The rubber composition according to the present invention is obtained through a step of mixing a mixture obtained by mixing 75% by mass or more of a rubber component and a softening agent and 75% by mass or more of a reinforcing agent.

Even when the softening agent and the reinforcing agent are highly filled by performing a step of mixing most of the reinforcing agent with a mixture prepared in advance by mixing most of the rubber components and the softening agent (first mixture), A rubber composition in which these materials are well dispersed in the rubber component is produced, and the production method can be simplified. Therefore, it is possible to provide a high-performance wet tire in which wet grip performance and wear resistance during dry-up are improved with a simple method.

Among them, after preparing the first mixture by mixing all the rubber components and all the softening agents, performing the step of preparing the second mixture by mixing the obtained first mixture and all reinforcing agents, A rubber component, a total softener, and all compounding materials other than a reinforcing agent, a vulcanizing agent and a vulcanization accelerator are mixed to prepare a first mixture, and then only the obtained first mixture and all the reinforcing agent are mixed. Thus, the performance can be remarkably improved by performing the step of producing the second mixture.

The rubber composition according to the present invention is obtained through a step of mixing a mixture in which 75% by mass or more of a rubber component and a softening agent are mixed with a reinforcing agent of 75% by mass or more, for example, 75% by mass. It can be produced by a production method including the first base kneading step in which the rubber component and the softening agent are mixed and the second base kneading step in which the obtained first mixture and 75% by mass or more of the reinforcing agent are mixed.
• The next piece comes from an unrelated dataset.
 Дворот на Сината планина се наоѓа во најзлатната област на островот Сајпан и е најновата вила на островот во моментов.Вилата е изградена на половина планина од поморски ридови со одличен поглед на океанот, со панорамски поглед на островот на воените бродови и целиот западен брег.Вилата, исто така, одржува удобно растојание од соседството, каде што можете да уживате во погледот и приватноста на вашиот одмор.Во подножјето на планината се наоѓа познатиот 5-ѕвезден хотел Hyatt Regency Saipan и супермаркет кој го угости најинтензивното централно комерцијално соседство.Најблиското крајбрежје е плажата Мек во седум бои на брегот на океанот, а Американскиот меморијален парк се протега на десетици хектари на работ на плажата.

(First base kneading process)
In the first base kneading step, 75% by mass or more in 100% by mass of the total rubber component and 75% by mass or more in 100% by mass of the total softening agent contained in the rubber composition according to the present invention are mixed. Among these, from the viewpoint of dispersibility of the softener and the reinforcing agent in the rubber composition, the rubber component and the softener are preferably mixed in an amount of 85% by mass or more, more preferably 95% by mass or more, It is particularly preferable to mix the whole amount. In the first base kneading step, zinc oxide, wax, resin, anti-aging agent, stearic acid and the like may be kneaded as appropriate, and these materials are also preferably mixed in the above amounts.
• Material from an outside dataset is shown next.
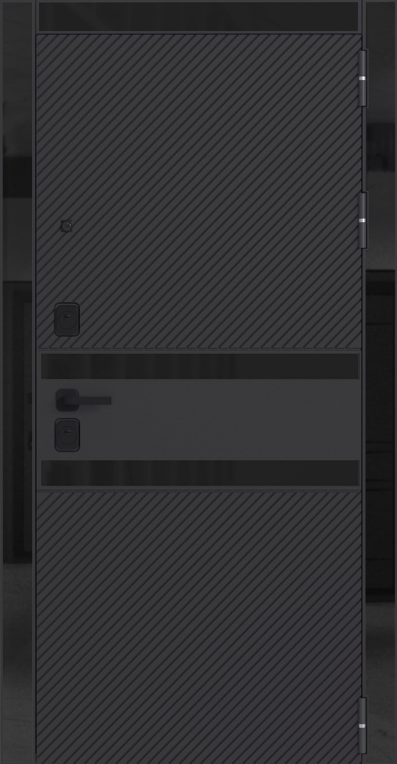 Внешнее покрытие: Чёрный муар с блёстками, МДФ-панель 16 мм с фрезерованным рисунком, цвет основной «Софт чёрный»; Металл: полимерно-порошковое покрытие, цвет Чёрный муар с блестками

Examples of rubber components that can be used in the present invention include natural rubber (NR), isoprene rubber (IR), butadiene rubber (BR), styrene butadiene rubber (SBR), styrene isoprene butadiene rubber (SIBR), and ethylene propylene diene rubber. (EPDM), chloroprene rubber (CR), acrylonitrile butadiene rubber (NBR), butyl rubber (IIR) and the like. A rubber component may be used independently and may use 2 or more types together. Among these, NR, BR, and SBR are preferable because wet grip performance and wear resistance performance during dry-up are well-balanced, and SBR is more preferable because wet grip performance is particularly excellent. Note that the rubber component may be kneaded.
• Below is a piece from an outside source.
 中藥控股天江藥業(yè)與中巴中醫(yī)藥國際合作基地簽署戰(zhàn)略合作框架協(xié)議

The SBR is not particularly limited, and for example, emulsion polymerization styrene butadiene rubber (E-SBR), solution polymerization styrene butadiene rubber (S-SBR) and the like can be used.

The styrene content of SBR is preferably 20% by mass or more, and more preferably 25% by mass or more. If it is less than 20% by mass, sufficient wet grip performance tends not to be obtained. Moreover, 60 mass% or less is preferable and, as for the styrene content of SBR, 50 mass% or less is more preferable. If it exceeds 60% by mass, not only the wear resistance at the time of dry-up is lowered, but also the temperature dependency is increased, and the performance change with respect to the temperature change tends to increase.
In the present invention, the styrene content of SBR is calculated by H ¹ -NMR measurement.

As the NR, for example, those commonly used in the tire industry such as SIR20, RSS # 3, TSR20 can be used. As BR, what is common in tire industry, such as BR150B made from Ube Industries, Ltd., can be used, for example.

The softening agent that can be used in the present invention is not particularly limited, and examples thereof include oils and liquid diene polymers.

Examples of the oil include process oils such as paraffinic, aroma-based and naphthenic process oils.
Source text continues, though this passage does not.